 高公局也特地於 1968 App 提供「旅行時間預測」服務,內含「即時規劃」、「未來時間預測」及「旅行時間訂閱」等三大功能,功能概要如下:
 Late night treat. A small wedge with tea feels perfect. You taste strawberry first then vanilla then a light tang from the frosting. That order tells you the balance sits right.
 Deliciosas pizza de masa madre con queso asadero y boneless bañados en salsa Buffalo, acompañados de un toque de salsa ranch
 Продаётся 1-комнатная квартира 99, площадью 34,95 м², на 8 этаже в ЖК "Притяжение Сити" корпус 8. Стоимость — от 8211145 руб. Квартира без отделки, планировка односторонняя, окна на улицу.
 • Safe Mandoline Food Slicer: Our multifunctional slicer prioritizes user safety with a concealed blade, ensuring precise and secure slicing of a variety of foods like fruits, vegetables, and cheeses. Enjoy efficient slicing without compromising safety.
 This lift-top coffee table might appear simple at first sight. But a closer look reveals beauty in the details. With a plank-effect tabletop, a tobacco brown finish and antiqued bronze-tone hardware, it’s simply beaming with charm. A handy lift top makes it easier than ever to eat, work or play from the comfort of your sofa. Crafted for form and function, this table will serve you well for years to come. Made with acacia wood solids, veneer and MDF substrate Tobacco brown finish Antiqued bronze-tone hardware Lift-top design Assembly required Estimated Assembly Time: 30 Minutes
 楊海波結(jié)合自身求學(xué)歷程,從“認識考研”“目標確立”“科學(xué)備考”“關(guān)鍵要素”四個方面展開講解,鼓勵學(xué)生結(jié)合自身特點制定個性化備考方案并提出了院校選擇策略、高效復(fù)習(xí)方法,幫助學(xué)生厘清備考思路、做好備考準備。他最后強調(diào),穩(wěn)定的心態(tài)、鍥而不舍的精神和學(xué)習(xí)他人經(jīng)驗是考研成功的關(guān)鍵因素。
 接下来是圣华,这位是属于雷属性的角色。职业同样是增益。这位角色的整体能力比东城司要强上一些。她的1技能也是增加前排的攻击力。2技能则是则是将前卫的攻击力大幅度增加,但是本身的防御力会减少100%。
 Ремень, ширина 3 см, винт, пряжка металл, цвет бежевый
_ _ _ _ _
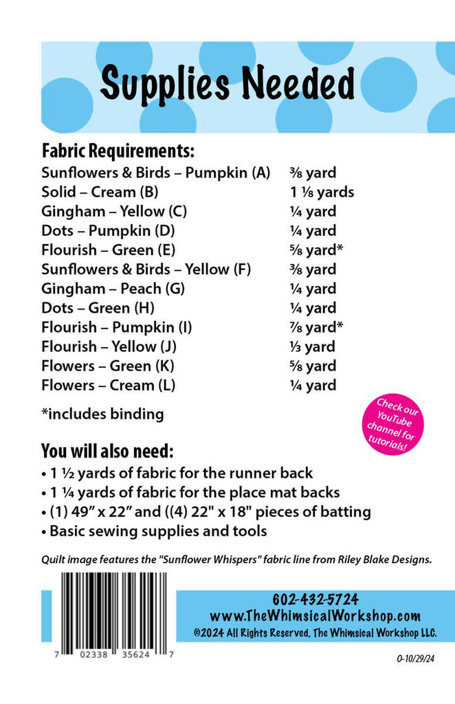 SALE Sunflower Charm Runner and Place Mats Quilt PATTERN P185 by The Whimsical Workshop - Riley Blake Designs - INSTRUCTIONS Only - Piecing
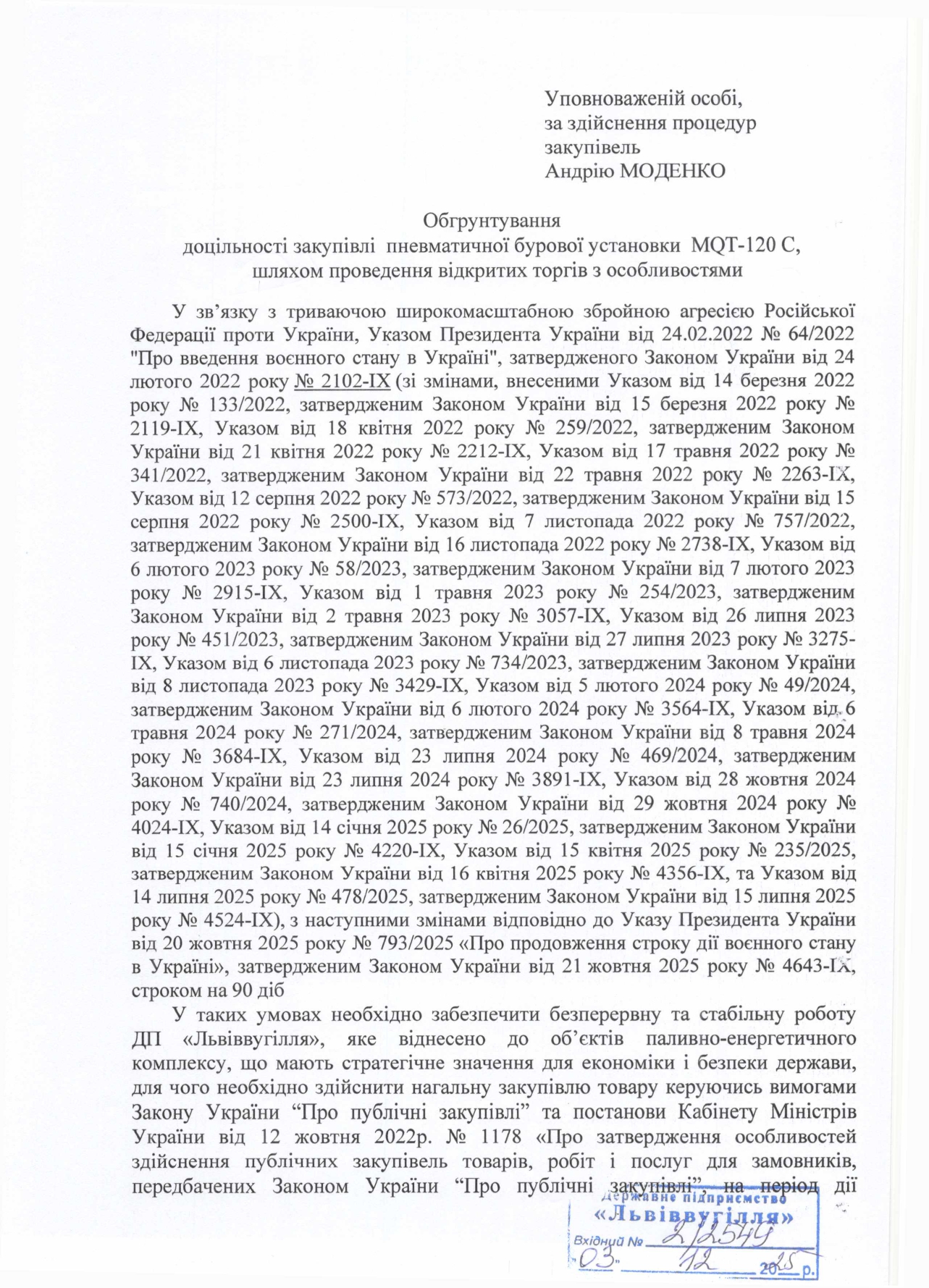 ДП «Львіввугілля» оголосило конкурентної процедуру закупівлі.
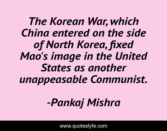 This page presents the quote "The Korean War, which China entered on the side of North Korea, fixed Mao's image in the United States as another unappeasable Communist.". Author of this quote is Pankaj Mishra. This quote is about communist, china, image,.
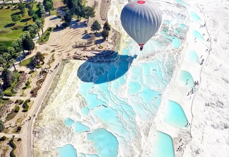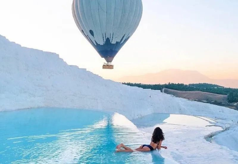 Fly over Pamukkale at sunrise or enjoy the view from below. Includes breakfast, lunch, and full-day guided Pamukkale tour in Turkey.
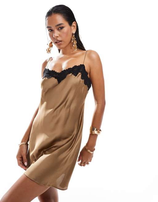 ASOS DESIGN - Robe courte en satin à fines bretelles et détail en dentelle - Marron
_ _ _ _ _
### Assignment:
Return every line from the material that contains the word "with".

### Result for this task:
 Late night treat. A small wedge with tea feels perfect. You taste strawberry first then vanilla then a light tang from the frosting. That order tells you the balance sits right.
 • Safe Mandoline Food Slicer: Our multifunctional slicer prioritizes user safety with a concealed blade, ensuring precise and secure slicing of a variety of foods like fruits, vegetables, and cheeses. Enjoy efficient slicing without compromising safety.
 This lift-top coffee table might appear simple at first sight. But a closer look reveals beauty in the details. With a plank-effect tabletop, a tobacco brown finish and antiqued bronze-tone hardware, it’s simply beaming with charm. A handy lift top makes it easier than ever to eat, work or play from the comfort of your sofa. Crafted for form and function, this table will serve you well for years to come. Made with acacia wood solids, veneer and MDF substrate Tobacco brown finish Antiqued bronze-tone hardware Lift-top design Assembly required Estimated Assembly Time: 30 Minutes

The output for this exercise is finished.